↓
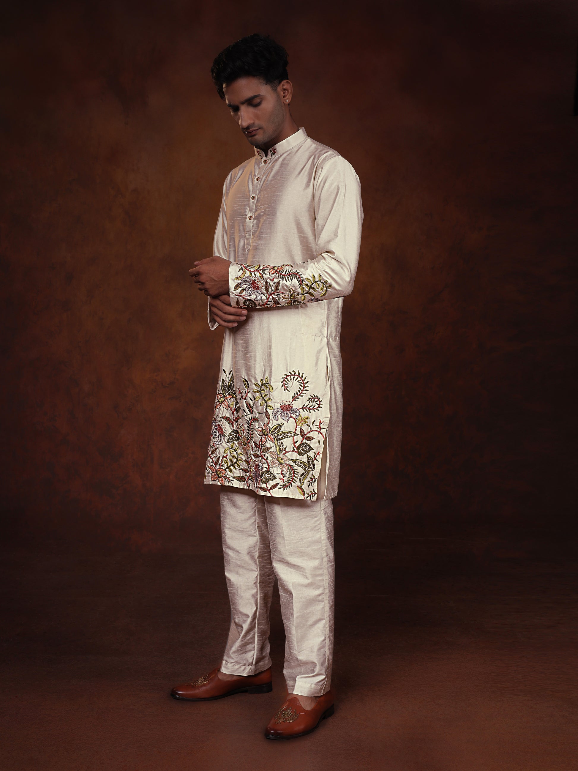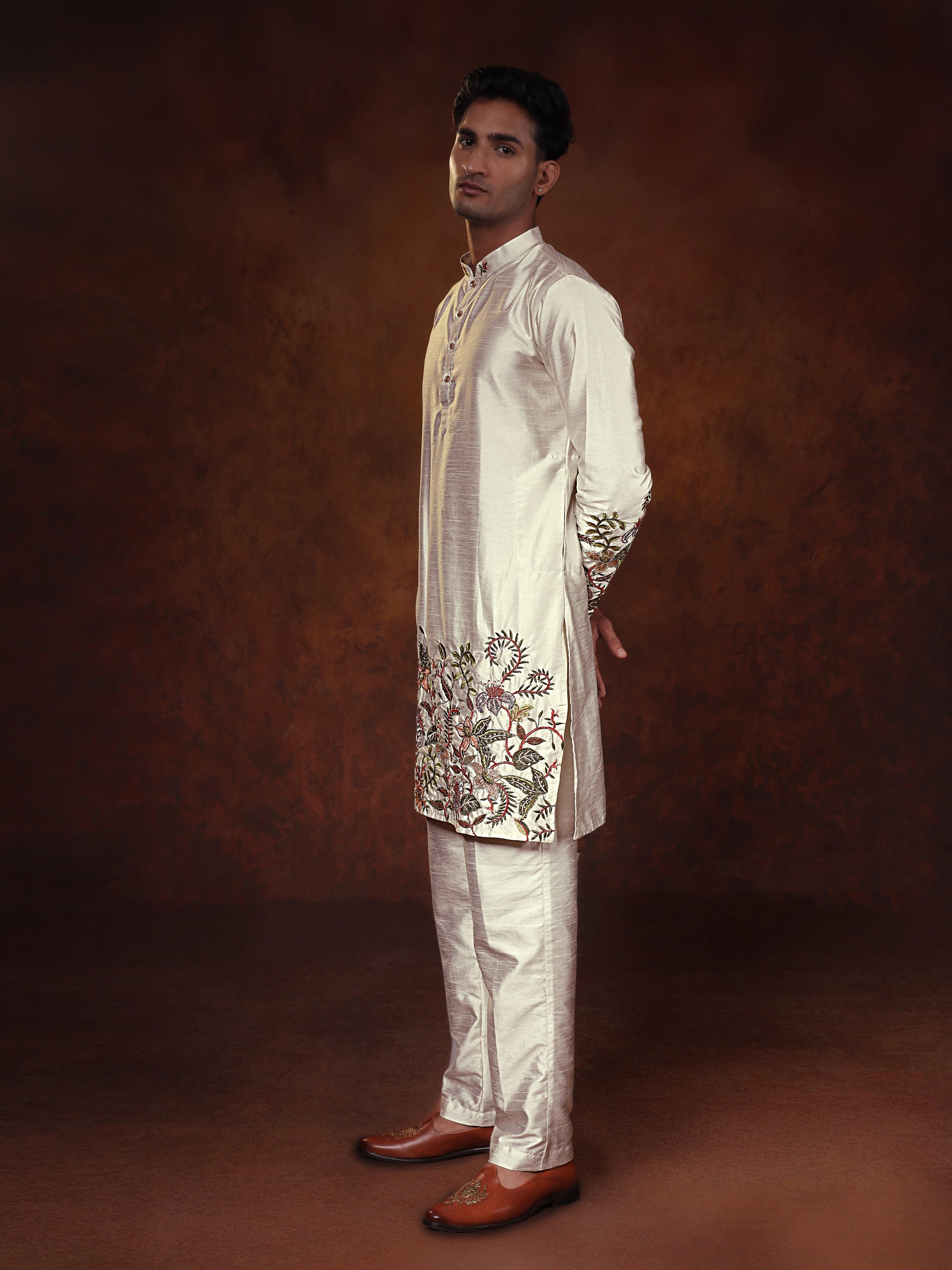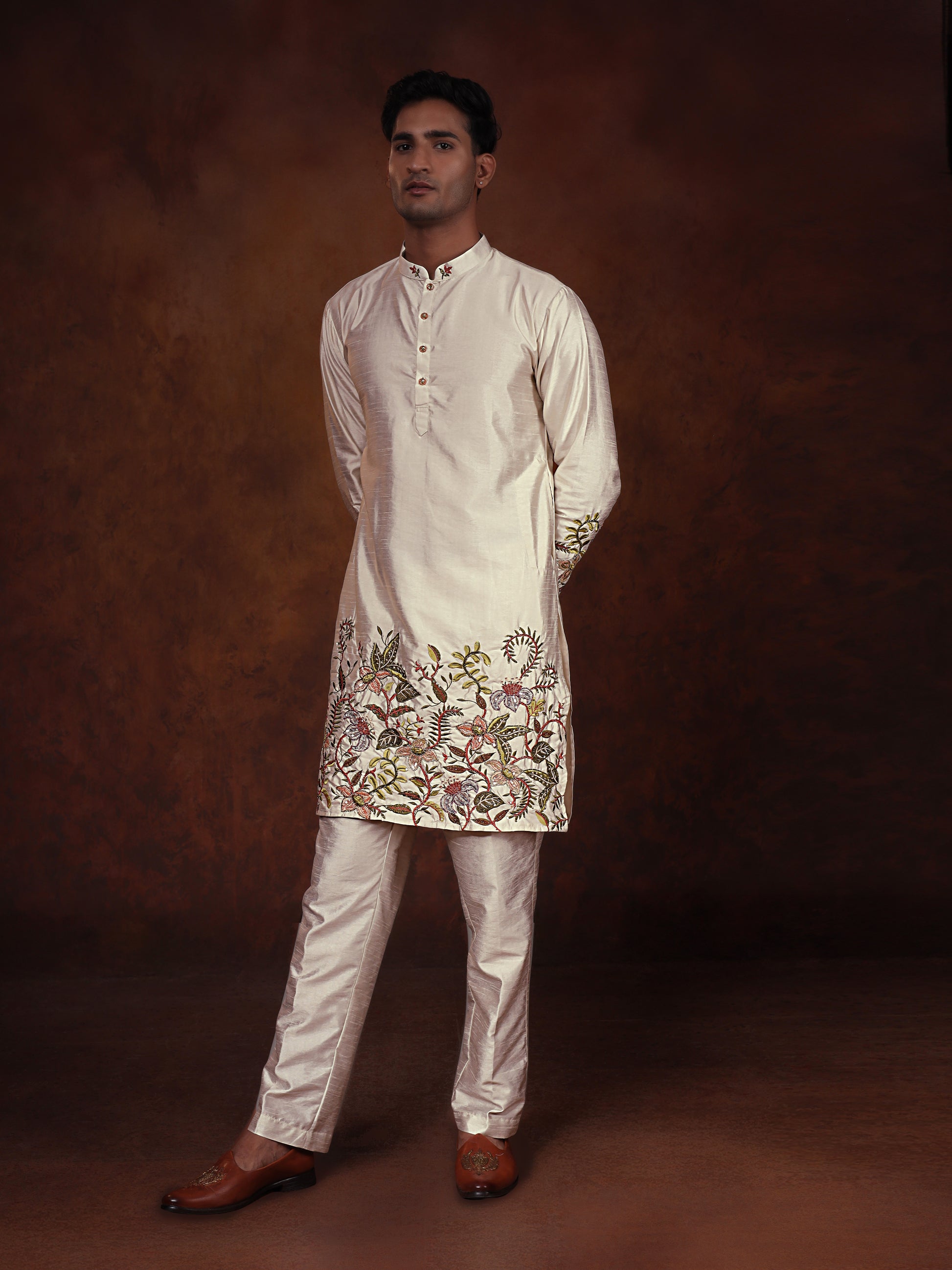 Off White Dupion Kurta With Flower Embroidered Kurta Set For Man
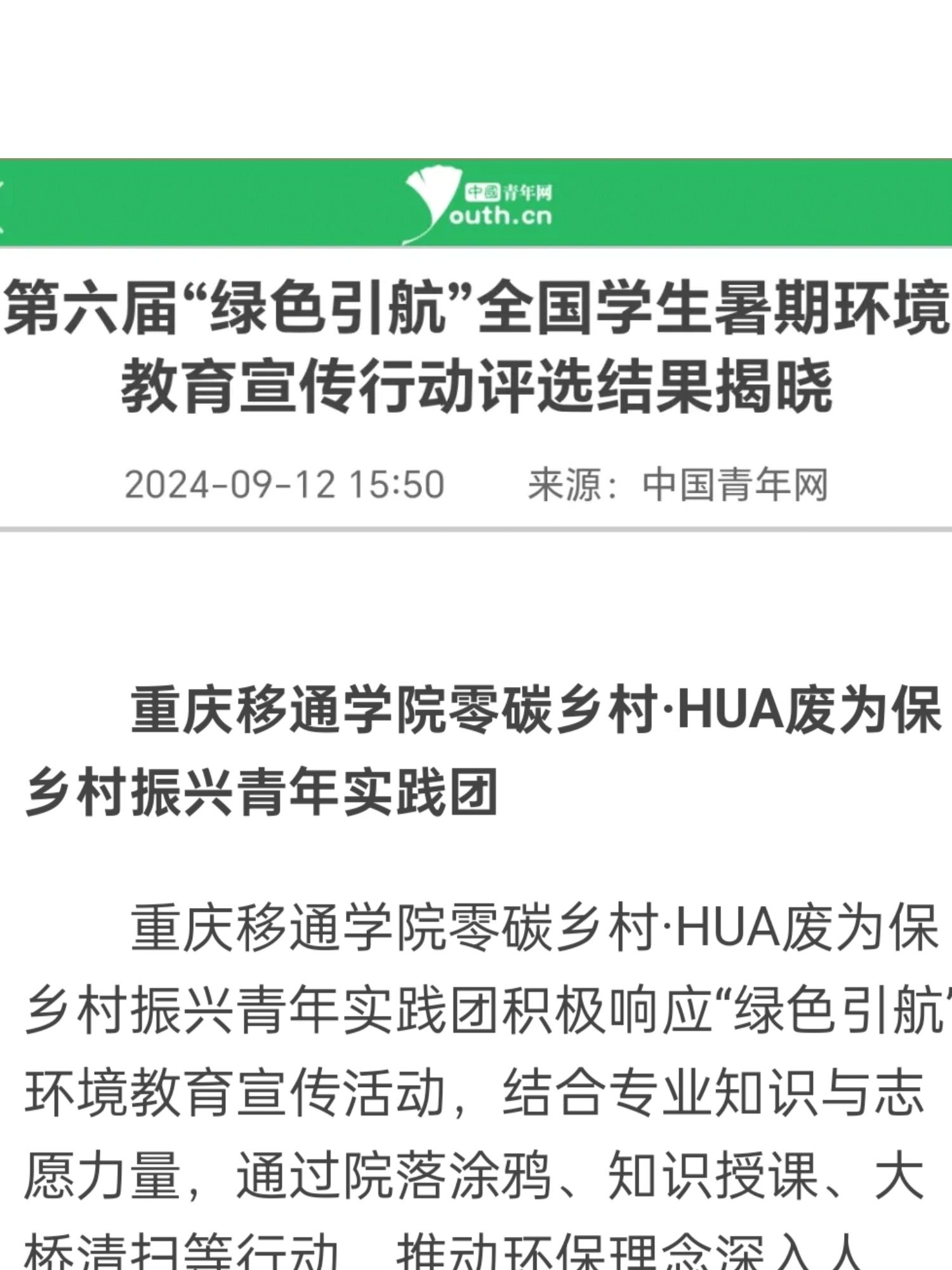 此次我校“零碳乡村·HUA废为保”乡村振兴青年实践团“三下乡”社会实践专刊稿件被《志愿青年专刊》首次录入,是对我校社会实践育人成果的极大肯定。未来,我校将继续聚焦“生态+”,持续拓展绿色环保志愿服务领域,引导移通学子积极投身到社会实践的大潮中,为乡村振兴和环保行动注入源源不断的青春力量。
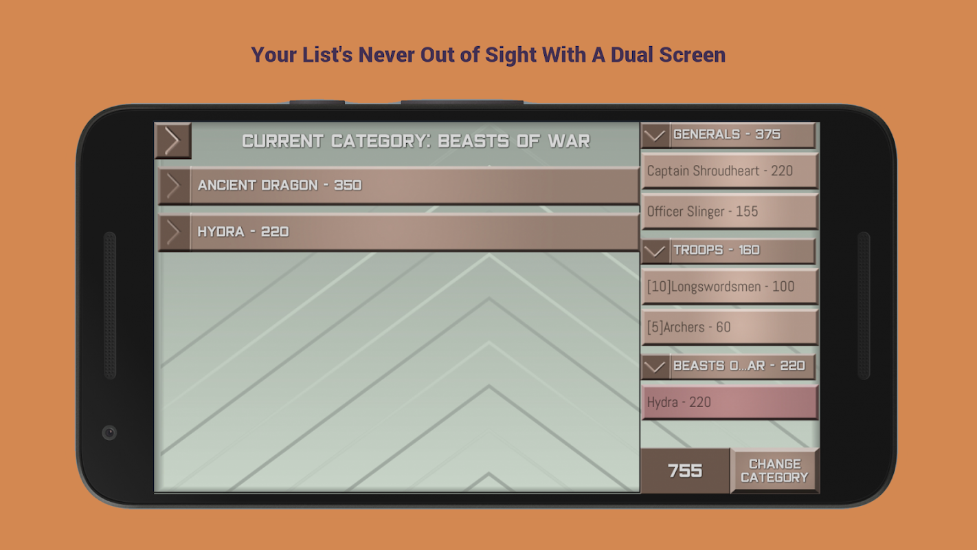 قائد الدستور أسرع وبناء قائمة التطبيق على نحو سلس ل wargamers المنضدة مصغرة.
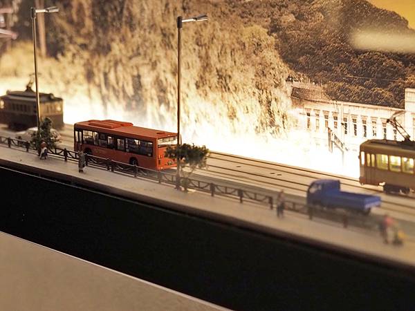 側邊則以松山市區為背景,伊予鐵模型、鐵道風景壁畫等,
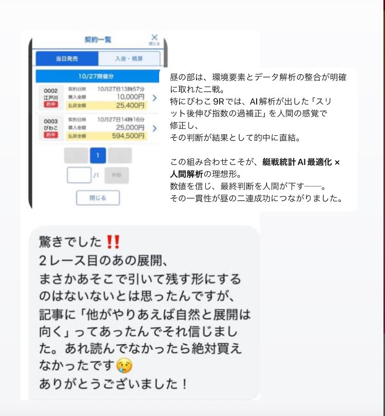 2025年 10月27日 (月) 的中報告 競艇予想 合計払戻金→¥1,668,080
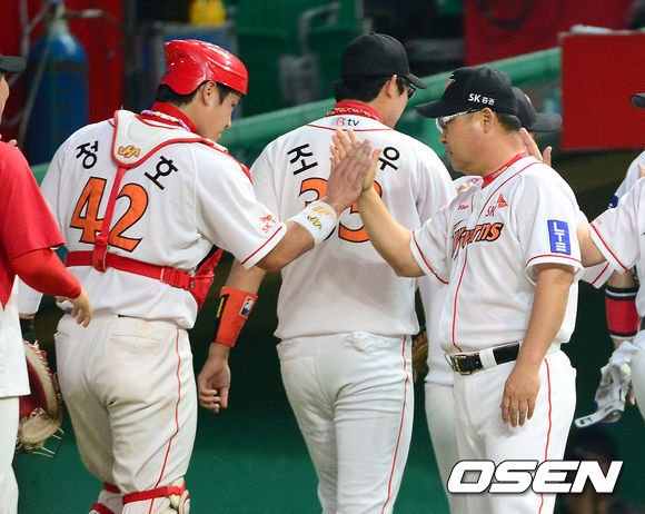 경기 종료 후 SK 정상호가 이만수 감독과 승리의 기쁨을 나누고 있다. /sunday@osen.co.kr
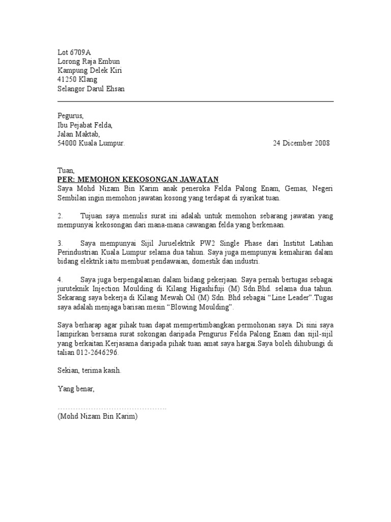 Contoh Surat Permohonan Kerja from imgv2-1-f.scribdassets.com Kerjasama yang menguntungkan antar kedua belah pihak memang seringkali dilakoni oleh para. Contoh surat permohonan kerja kosong dalam bahasa melayu. Surat permohonan merupakan surat yang berisi mengenai permohonan atau permintaan tentang sesuatu hal kepada pihak terkait, baik perseorangan, badan, organisasi, perusahaan ataupun instansi. Ada kalanya permohonan kerja memerlukan anda untuk menghantar surat sokongan kerja atau reference letter. Contoh surat rayuan permohonan kemasukan ke sekolah menengah teknik. Contoh surat permohonan kerjasama sponsor. Santri siap guna daarut tauhiid bandung gegerkalong girang no. Ada banyak surat permohonan yang beredar di dunia ini.
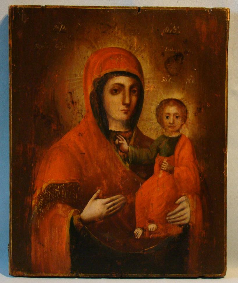 Gottesmutter Smolenskaja.Russisch-ukrainisch,19.Jahrhundert (um 1850-1880).31x26cm.Gut erhaltene Hausikone.
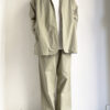 ボタンは一つだけの和の服、直線で切り取ったパーツを縫い合わせた平面構成を意識した商品になります。
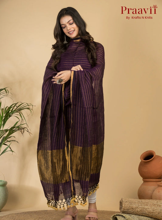Amethyst Colour Handloom Jamdani Linen 2- Piece Suit Set
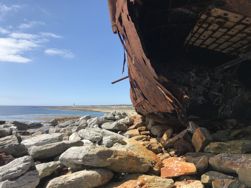On the island, my parents boarded a carriage while the rest of us rented bikes. Losing my siblings while investigating a ruined medieval chapel, I continued solo. Inisheer has only two real attractions. The more visually dramatic of these is the wreck of the Plassey, a large trawler than ran aground in 1960 and has been quietly rusting away since.
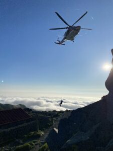 ガスガスになったり晴れたりを繰り返した夕方。2度のチャレンジでヘリでの下山に成功!
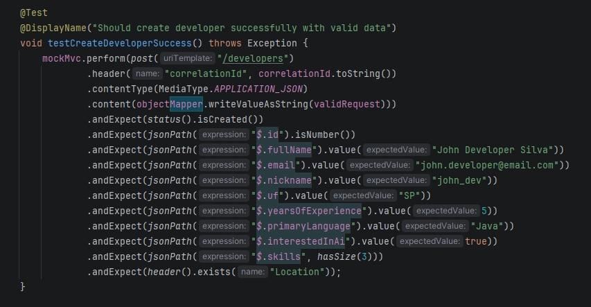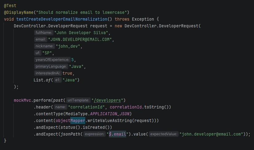 @Test @DisplayName("Deve normalizar email para lowercase e fullName para title case") void deveNormalizarCamposQuandoCriarDeveloper() throws Exception { String payloadComCaseMixto = """ { "fullName": "JOAO CARLOS SILVA", "email": "JOAO@EXAMPLE.COM", "nickname": "joao.dev", "uf": "mg", "yearsOfExperience": 2, "primaryLanguage": "JAVA", "interestedInAi": false, "skills": ["spring boot"] } """; mockMvc.perform(post("/developers") .header("correlationId", CORRELATION_ID) .contentType(MediaType.APPLICATION_JSON) .content(payloadComCaseMixto)) .andExpect(status().isCreated()) .andExpect(jsonPath("$.email").value("joao@example.com")) .andExpect(jsonPath("$.fullName").value("Joao Carlos Silva")) .andExpect(jsonPath("$.uf").value("MG")) .andExpect(jsonPath("$.primaryLanguage").value("Java")); }
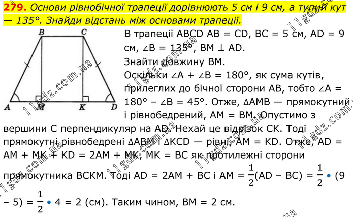 279. Основи рівнобічної трапеції дорівнюють 5 см і 9 см, а тупий кут — 135°. Знайди відстань між основами трапеції. В трапеції ABCD AB = CD, BC = 5 см, AD = 9 см, ∠B = 135°, BM ⊥ AD. Знайти довжину BM. Оскільки ∠A + ∠B = 180°, як сума кутів, прилеглих до бічної сторони AВ, тобто ∠A = 180° – ∠B = 45°. Отже, ∆AMB — прямокутний і рівнобедрений, AM = BM. Опустимо з вершини C перпендикуляр на AD. Нехай це відрізок CK. Тоді прямокутні рівнобедрені ∆АВМ і ∆KCD — рівні, AM = KD. Отже, AD = AM + MK + KD = 2AM + MK, MK = BC як протилежні сторони прямокутника ВСКМ. Тоді AD = 2AM + BC і AM = 1/2(АD – BC) = 1/2 • (9 – 5) = 1/2 • 4 = 2 (см). Таким чином, BM = 2 см.
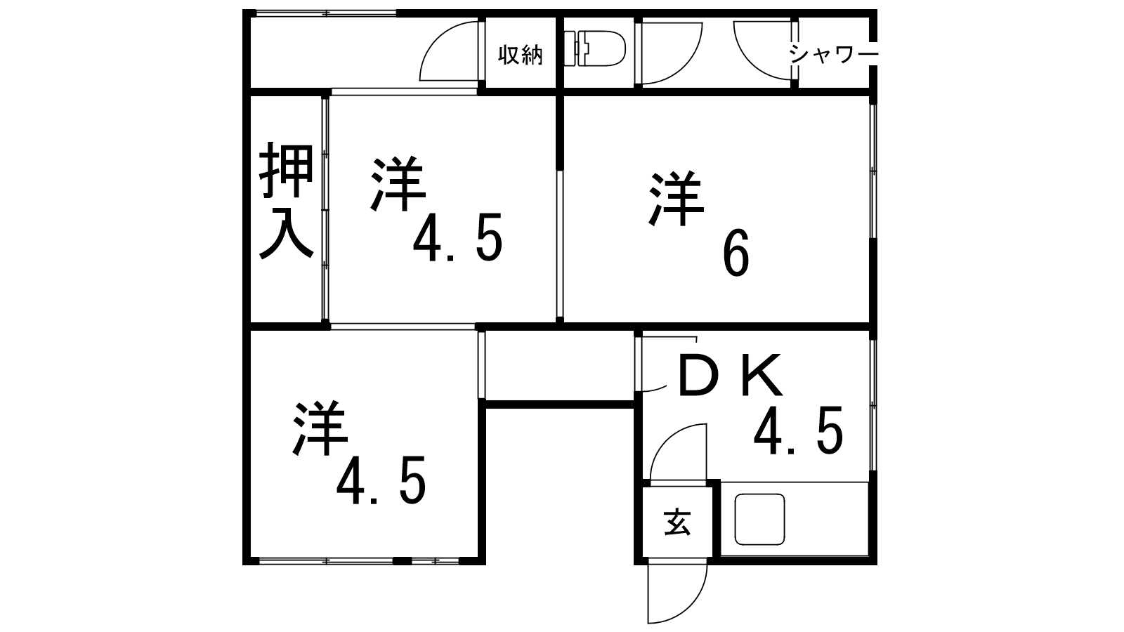 - 洋室4.5帖、洋室4.5帖、洋室6帖
↑
### Exercise brief
Please give the entries again word for word, without any pictures.

### The completed task
 Off White Dupion Kurta With Flower Embroidered Kurta Set For Man
 此次我校“零碳乡村·HUA废为保”乡村振兴青年实践团“三下乡”社会实践专刊稿件被《志愿青年专刊》首次录入,是对我校社会实践育人成果的极大肯定。未来,我校将继续聚焦“生态+”,持续拓展绿色环保志愿服务领域,引导移通学子积极投身到社会实践的大潮中,为乡村振兴和环保行动注入源源不断的青春力量。
 قائد الدستور أسرع وبناء قائمة التطبيق على نحو سلس ل wargamers المنضدة مصغرة.
 側邊則以松山市區為背景,伊予鐵模型、鐵道風景壁畫等,
 2025年 10月27日 (月) 的中報告 競艇予想 合計払戻金→¥1,668,080
 경기 종료 후 SK 정상호가 이만수 감독과 승리의 기쁨을 나누고 있다. /sunday@osen.co.kr
 Contoh Surat Permohonan Kerja from imgv2-1-f.scribdassets.com Kerjasama yang menguntungkan antar kedua belah pihak memang seringkali dilakoni oleh para. Contoh surat permohonan kerja kosong dalam bahasa melayu. Surat permohonan merupakan surat yang berisi mengenai permohonan atau permintaan tentang sesuatu hal kepada pihak terkait, baik perseorangan, badan, organisasi, perusahaan ataupun instansi. Ada kalanya permohonan kerja memerlukan anda untuk menghantar surat sokongan kerja atau reference letter. Contoh surat rayuan permohonan kemasukan ke sekolah menengah teknik. Contoh surat permohonan kerjasama sponsor. Santri siap guna daarut tauhiid bandung gegerkalong girang no. Ada banyak surat permohonan yang beredar di dunia ini.
 Gottesmutter Smolenskaja.Russisch-ukrainisch,19.Jahrhundert (um 1850-1880).31x26cm.Gut erhaltene Hausikone.
 ボタンは一つだけの和の服、直線で切り取ったパーツを縫い合わせた平面構成を意識した商品になります。
Amethyst Colour Handloom Jamdani Linen 2- Piece Suit Set
On the island, my parents boarded a carriage while the rest of us rented bikes. Losing my siblings while investigating a ruined medieval chapel, I continued solo. Inisheer has only two real attractions. The more visually dramatic of these is the wreck of the Plassey, a large trawler than ran aground in 1960 and has been quietly rusting away since.
 ガスガスになったり晴れたりを繰り返した夕方。2度のチャレンジでヘリでの下山に成功!
 @Test @DisplayName("Deve normalizar email para lowercase e fullName para title case") void deveNormalizarCamposQuandoCriarDeveloper() throws Exception { String payloadComCaseMixto = """ { "fullName": "JOAO CARLOS SILVA", "email": "JOAO@EXAMPLE.COM", "nickname": "joao.dev", "uf": "mg", "yearsOfExperience": 2, "primaryLanguage": "JAVA", "interestedInAi": false, "skills": ["spring boot"] } """; mockMvc.perform(post("/developers") .header("correlationId", CORRELATION_ID) .contentType(MediaType.APPLICATION_JSON) .content(payloadComCaseMixto)) .andExpect(status().isCreated()) .andExpect(jsonPath("$.email").value("joao@example.com")) .andExpect(jsonPath("$.fullName").value("Joao Carlos Silva")) .andExpect(jsonPath("$.uf").value("MG")) .andExpect(jsonPath("$.primaryLanguage").value("Java")); }
 279. Основи рівнобічної трапеції дорівнюють 5 см і 9 см, а тупий кут — 135°. Знайди відстань між основами трапеції. В трапеції ABCD AB = CD, BC = 5 см, AD = 9 см, ∠B = 135°, BM ⊥ AD. Знайти довжину BM. Оскільки ∠A + ∠B = 180°, як сума кутів, прилеглих до бічної сторони AВ, тобто ∠A = 180° – ∠B = 45°. Отже, ∆AMB — прямокутний і рівнобедрений, AM = BM. Опустимо з вершини C перпендикуляр на AD. Нехай це відрізок CK. Тоді прямокутні рівнобедрені ∆АВМ і ∆KCD — рівні, AM = KD. Отже, AD = AM + MK + KD = 2AM + MK, MK = BC як протилежні сторони прямокутника ВСКМ. Тоді AD = 2AM + BC і AM = 1/2(АD – BC) = 1/2 • (9 – 5) = 1/2 • 4 = 2 (см). Таким чином, BM = 2 см.
 - 洋室4.5帖、洋室4.5帖、洋室6帖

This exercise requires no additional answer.